The fourth example is more challenging. There, the English ground truth ‘requested’ (highlighted in blue) maps to two different parts of the Chinese ground truth ‘提出’ (in blue) and ‘要求’ (in green). This one-to-many mapping confuses both translation models. The wubi2en tries to match the Chinese text by translating ‘提出’ into ‘proposed’ and ‘要求’ into ‘requirements’: this model may have been misled by the word ‘时’ (can be translated to ‘when’); the output contains an adverbial clause. While the wubi2en output is closer to the ground truth, the two have little overlap. For the English-to-Chinese task, the en2cn translation is better than the one produced by en2wubi: while en2cn successfully translated ‘without explanation’ (in red), the en2wubi model ignored this part of the sentence.

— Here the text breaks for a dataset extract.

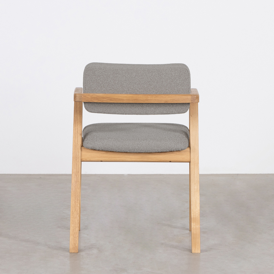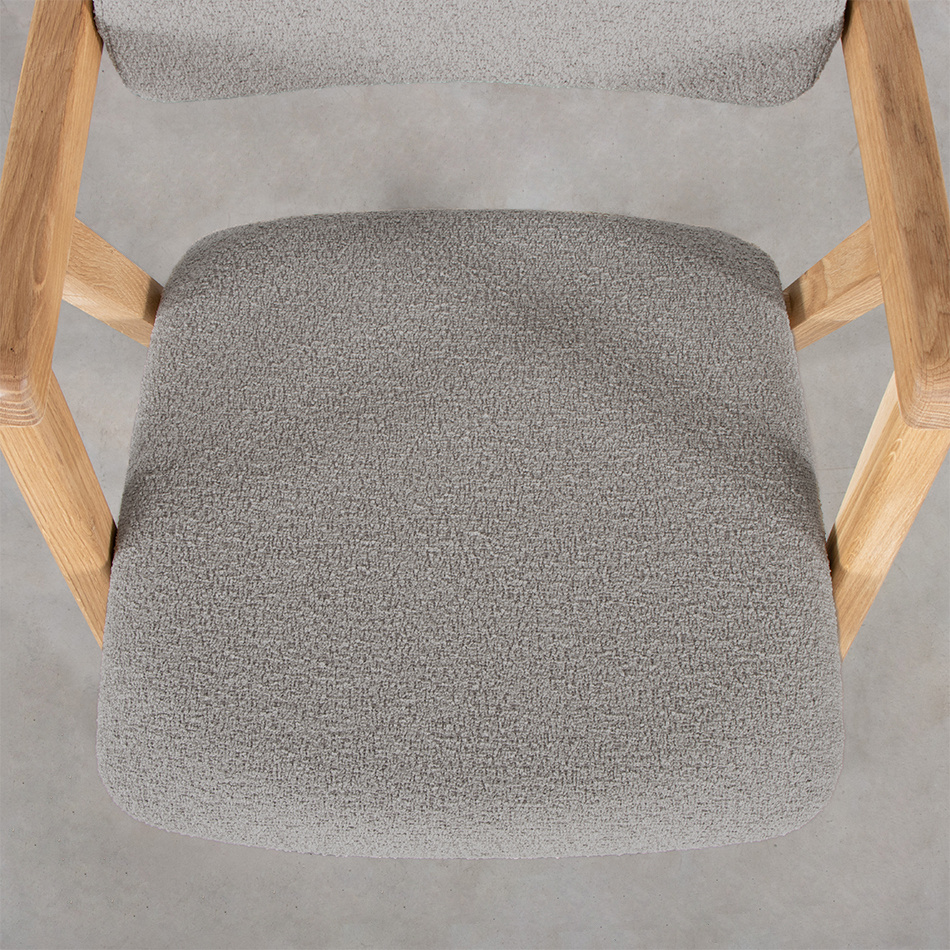 Enya's backrest almost seems like it could float away, but is simply firmly anchored to continuous armrests. This dining chair comes standard in oiled oak and is also available in smoked oiled, mocca oiled, and whitewashed oiled oak. Enya has an upholstered seat and backrest, available in different fabric types and colours.

The Wubi-based models tend to produce slightly shorter translations for both directions (see Table 6). In overall, the Wubi-based outputs appear to be visibly better than the raw Chinese-based outputs, in both directions.

Model Word Count
Table 6: Word counts of the outputs of the char2char models (mean and standard deviation).

5 Conclusion

We demonstrated that an intermediate encoding step to ASCII characters is suitable for the character-level Chinese-English translation task, and can even lead to performance improvements. All of our models trained using the Wubi encoding achieve comparable or better performance to the baselines trained directly on raw Chinese. On the character-level, using Wubi yields BLEU improvements when translating both to and from English, despite the increased length of the input or output sequences, and the smaller number of embedding parameters used. Furthermore, there are also improvements on the subword-level, when translating from English.

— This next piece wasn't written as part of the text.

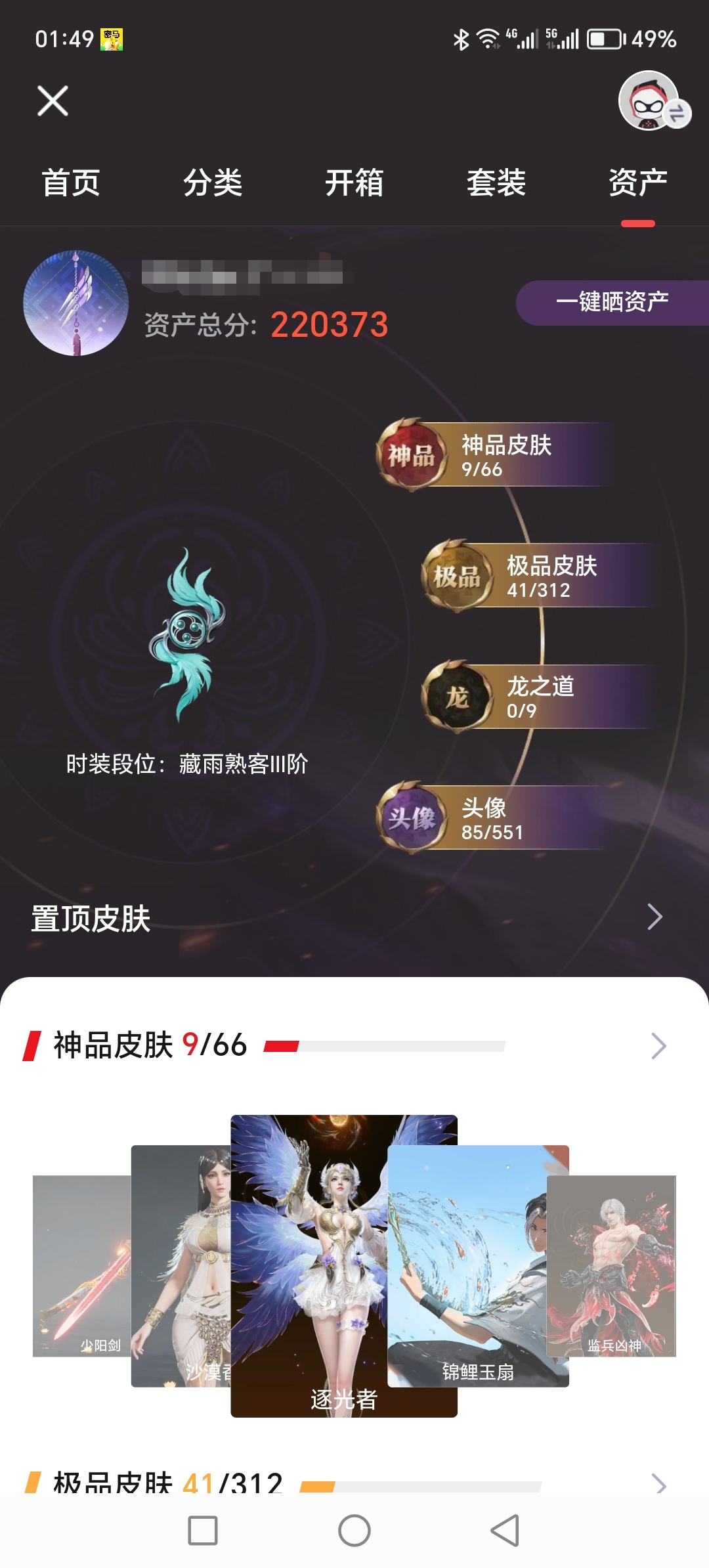 【9红 41金 锦鲤玉扇 监兵凶神】【游戏等级】405 【大区】国服 【排位】陨星ⅳ 【神品皮肤】逐光者 锦鲤玉扇 监兵凶神 少阳剑 沙漠香风 泣珠龙纱 化生明王 蝶梦 冰魄 【极品皮肤】开辟鸿蒙·风雨谐 护世四法·广目天王 封神录·申公豹 封神录·姜子牙 观山海·相柳 楚韵九歌·湘夫人 楚韵九歌·云中君 天工奥妙 斗罗大陆·唐三 观山海·冬神玄冥 观山海·青鸟 绮云衫 观山海

Future work will focus on making use of the semantic structure of the Wubi encoding scheme, to develop architectures tailored to utilize it. Another exciting future direction is multilingual many-to-one character-level translation from Chinese and several Latin languages simultaneously, which becomes possible using encodings such as Wubi. This has previously been successfully realized for Latin and Cyrillic languages (Lee et al., 2017).


We acknowledge support from the Swiss National Science Foundation (grant 31003A_156976) and from the National Centre of Competence in Research (NCCR) Robotics.